The transition from the MHD scale cascade to small ion scales (≈0.1–0.7 Hz) is often called the ion spectral break. The location of the break in the magnetic field spectrum as well as the physical processes responsible for that break are under debate (e.g., Markovskii et al. 2008; Chen et al. 2014b). Nevertheless, various explanations have been proposed: it coincides with the ion (proton) cyclotron frequency (Denskat et al. 1983; Goldstein et al. 1994; Leamon et al. 1998); it is sensitive to the ion Larmor radius (Leamon et al. 1998; Schekochihin et al. 2009); or it occurs at the ion inertial length (Galtier 2006; Smith et al. 2006).

The spectrum of density fluctuations has been well measured in the inertial range (Intriligator 1975; Neugebauer et al. 1978; Marsch & Tu 1990; Hnat et al. 2005; Podesta & Borovsky 2010), but only a small number of papers have dealt with density fluctuations at the transition to the dissipation range. Between these two ranges before the break, the density spectrum flattens (Neugebauer 1975; Celnikier et al. 1983; Kellogg & Horbury 2005; Chen et al. 2013a, 2014a; Šafránková et al. 2013a) and this flattening has been attributed to the turbulence becoming compressive (Hollweg 1999; Chandran et al. 2009; Chen et al. 2014b) or to pressure anisotropy instabilities (Neugebauer et al. 1978). Chen et al. (2013a) concluded that the shape of the spectrum can be captured by the sum of passive density fluctuations at large scales and kinetic Alfvén turbulence at small scales, and that the whistler fluctuations add only a small portion to the total fluctuation energy (Chen et al. 2013b).

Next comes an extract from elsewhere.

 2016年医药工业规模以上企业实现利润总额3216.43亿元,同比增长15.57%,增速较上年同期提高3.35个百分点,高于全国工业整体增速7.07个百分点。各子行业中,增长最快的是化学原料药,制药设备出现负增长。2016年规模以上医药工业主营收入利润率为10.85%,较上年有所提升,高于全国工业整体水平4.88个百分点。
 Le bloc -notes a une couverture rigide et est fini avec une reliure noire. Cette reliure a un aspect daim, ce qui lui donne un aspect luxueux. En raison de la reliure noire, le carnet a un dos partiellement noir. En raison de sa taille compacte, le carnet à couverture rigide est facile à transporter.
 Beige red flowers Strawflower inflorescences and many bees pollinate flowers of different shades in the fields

Here, we further investigate the transition between these ranges. Our analysis is based on the ion density data with a time resolution of 32 ms obtained from the Bright Monitor of the Solar Wind (BMSW) on board the Spektr-R spacecraft. The first examples of power density spectra from this monitor were reported by Šafránková et al. (2013a) and by Chen et al. (2014a) and they have shown a spectrum flattening between the inertial and dissipation ranges. We discuss this spectrum flattening near the ion kinetic scale, values of the spectral indices at all scales, and locations of spectral breakpoints using results of a large statistical study in detail.

The determination of solar wind parameters by BMSW is based on measurements of six Faraday cups (FCs). Three of the cups are oriented in different directions with respect to the solar wind velocity and are used to estimate the ion flux vector. The other three FCs point toward the Sun and are equipped with deceleration grids which provide three points for the ion distribution function. These data are sufficient to estimate the ion density, velocity, and temperature (Šafránková et al. 2008, 2013b). The BMSW time resolution allows an analysis of spectral properties up to 16 Hz. However, the present analysis is limited to 8 Hz to avoid the possible influence of instrumental noise on the data (see Šafránková et al. 2013b; Chen et al. 2014a for a detailed noise analysis).

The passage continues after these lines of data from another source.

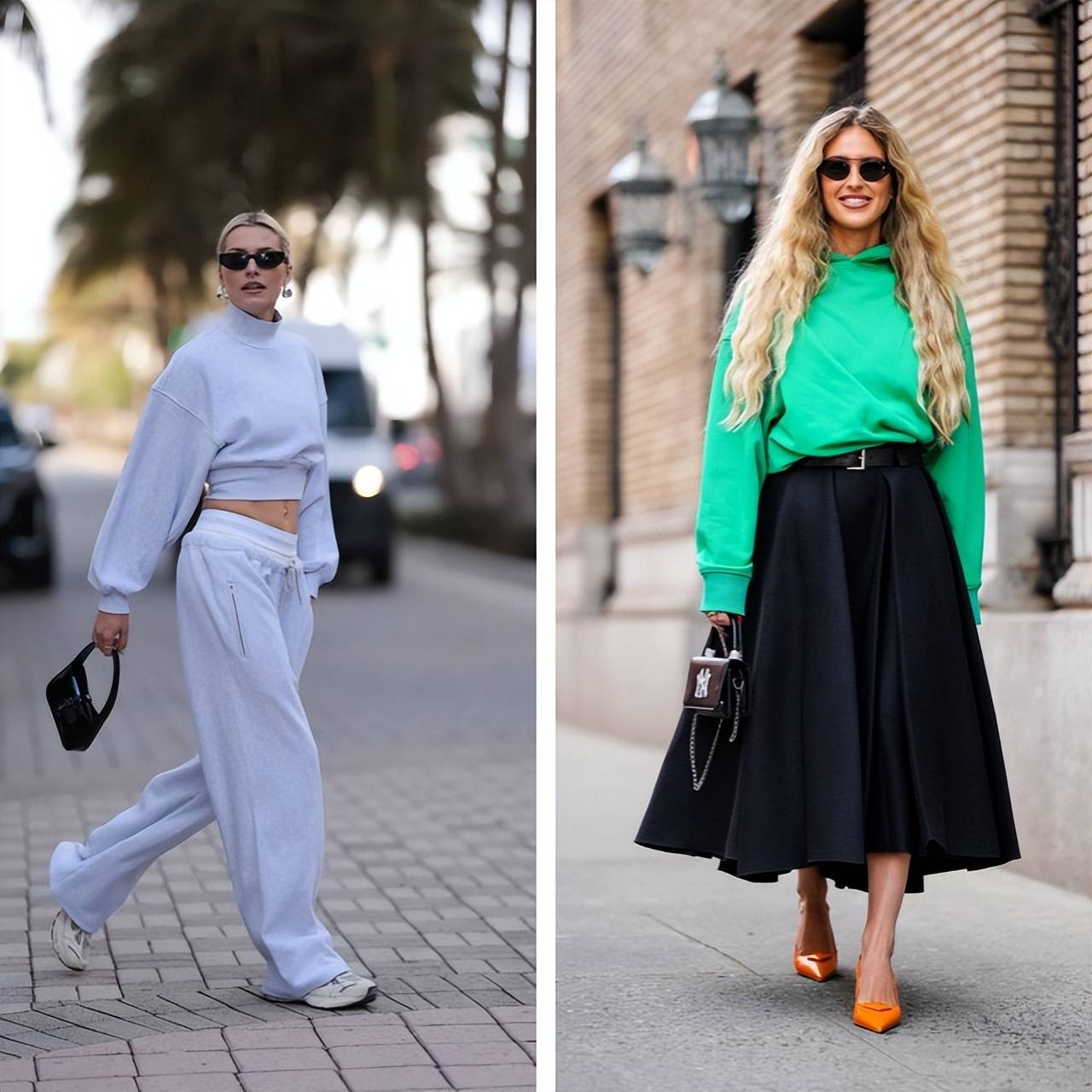 连帽卫衣套装也可以通过短款设计露出肌肤,达到良好的平衡。用迷你包或墨镜等小巧配饰为造型增添层次感,这也是关键所在。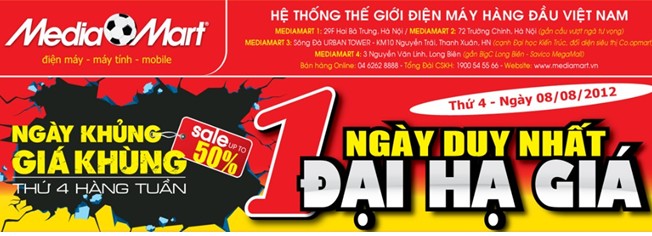 Duy trì chuỗi hoạt động bán hàng định kỳ mang lại nhiều lợi ích cho khách hàng với điểm nhấn tuần này là Đại tiệc LCD, LED, 3D giá sốc, Hệ thống siêu thị điện máy hàng đầu Việt Nam – Media Mart tham vọng sẽ phục vụ được khách hàng ngày càng tốt hơn và hiệu quả nhất.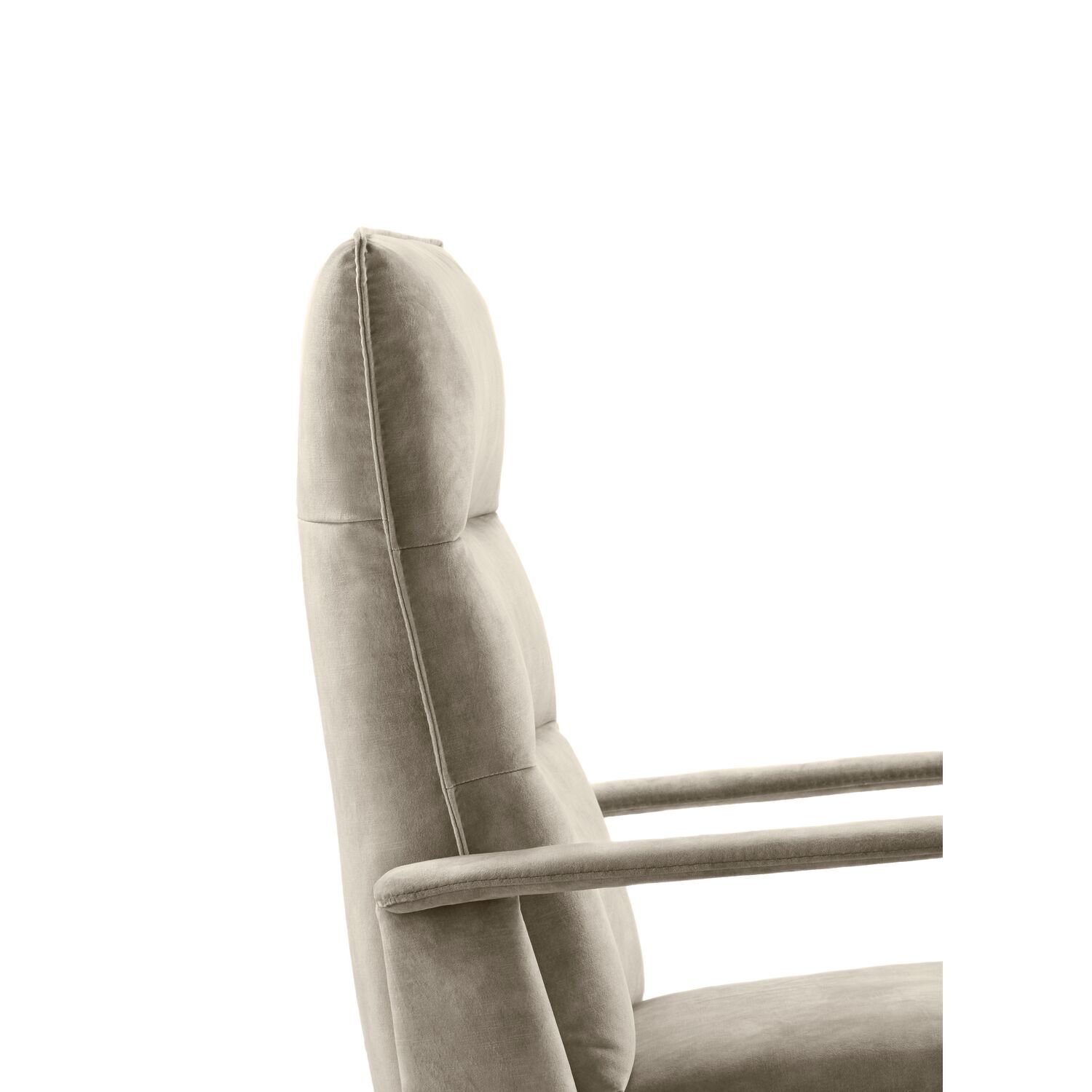 De relaxzetel Seduto heeft een moderne en stijlvolle uitstraling. Deze uitvoering is bekleed met een grijsbruine veloursstof die zacht en comfortabel aanvoelt. Daarnaast heeft deze stof een zeer luxe en warme uitstraling. De horizontale banen in de rug voegen een subtiel elegant detail toe, terwijl de volledig gestoffeerde armleuningen en zwarte schijfvoet het design eigentijds houden.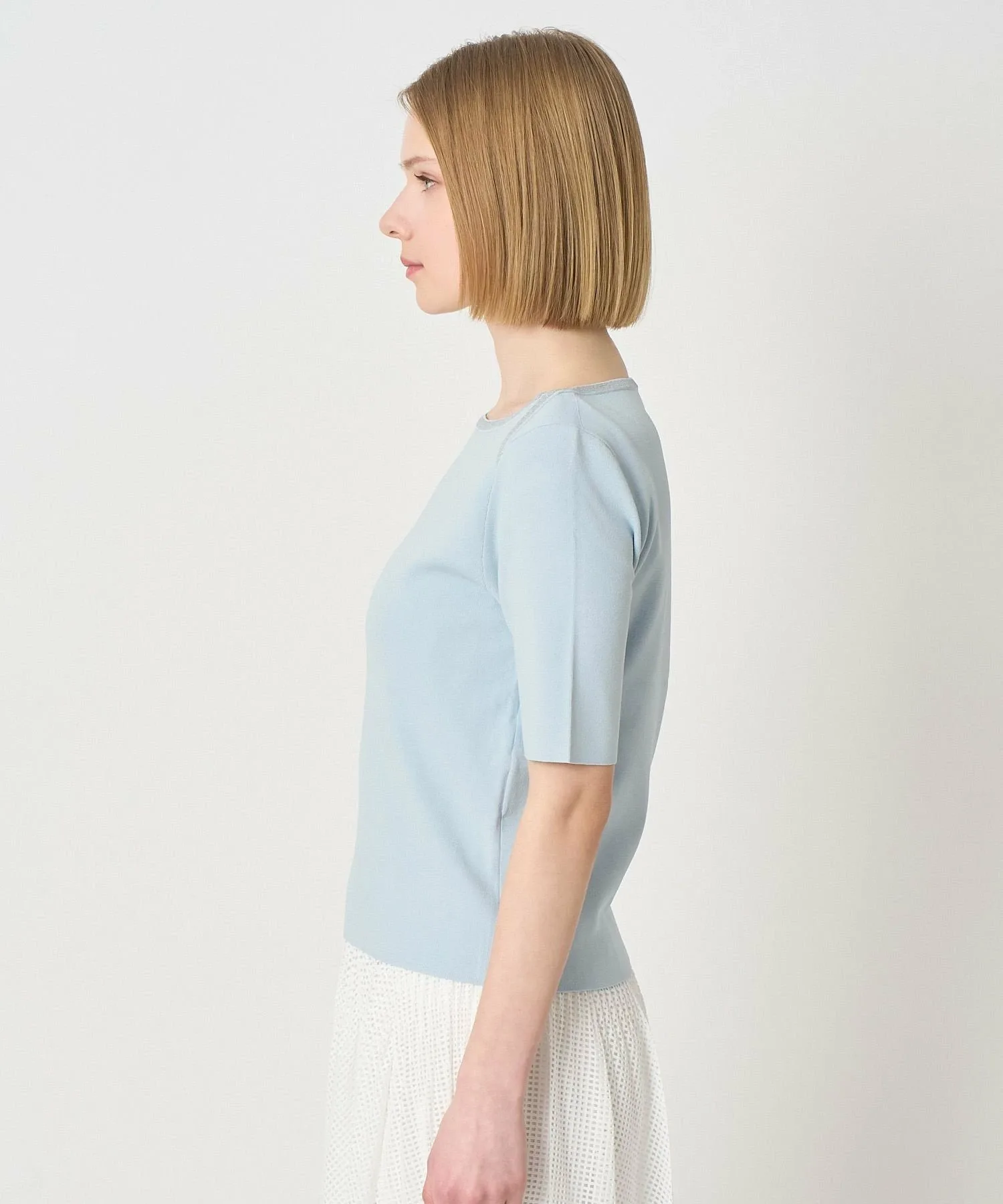 Классические рукава 5/4 выше локтя в сочетании с открытым воротником создают аккуратный вид плеч.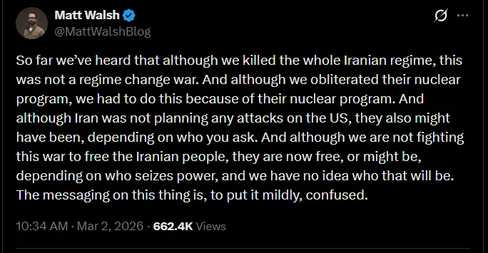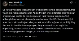 There are a lot of lolbertarian soldiers but they mostly have a right-wing utilitarian critique about how the wars need to be run smarter. Notice that he’s fine with Israel being a proxy for U.S. power in the region which only makes sense if you buy into Israel as a concept in the first place. They end up being useful idiots because they will huff-and-puff about poor military strategy and needless casualties, but will refuse to go for the capitalist’s throat.

The shape of the frequency spectrum as well as the location(s) of the spectral break(s) would depend on the background (average) magnetic field and plasma parameters. These parameters vary over broad ranges due to the presence of large-scale structures in the solar wind. The studies mentioned in the introduction often used long time intervals (several hours or even more) of the quiet solar wind to obtain sufficient coverage in the frequency domain, but this approach does not allow for the study of disturbed intervals. Since the aim of the present paper is to investigate the shape of the density spectrum in the vicinity of the spectral break dividing the MHD and kinetic scales that can be expected between 0.4 and 4 Hz (Šafránková et al. 2013a; Chen et al. 2014b), we have chosen 20 minute intervals for our frequency spectrum computation. This duration limits our analysis to frequencies above ≈0.001 Hz.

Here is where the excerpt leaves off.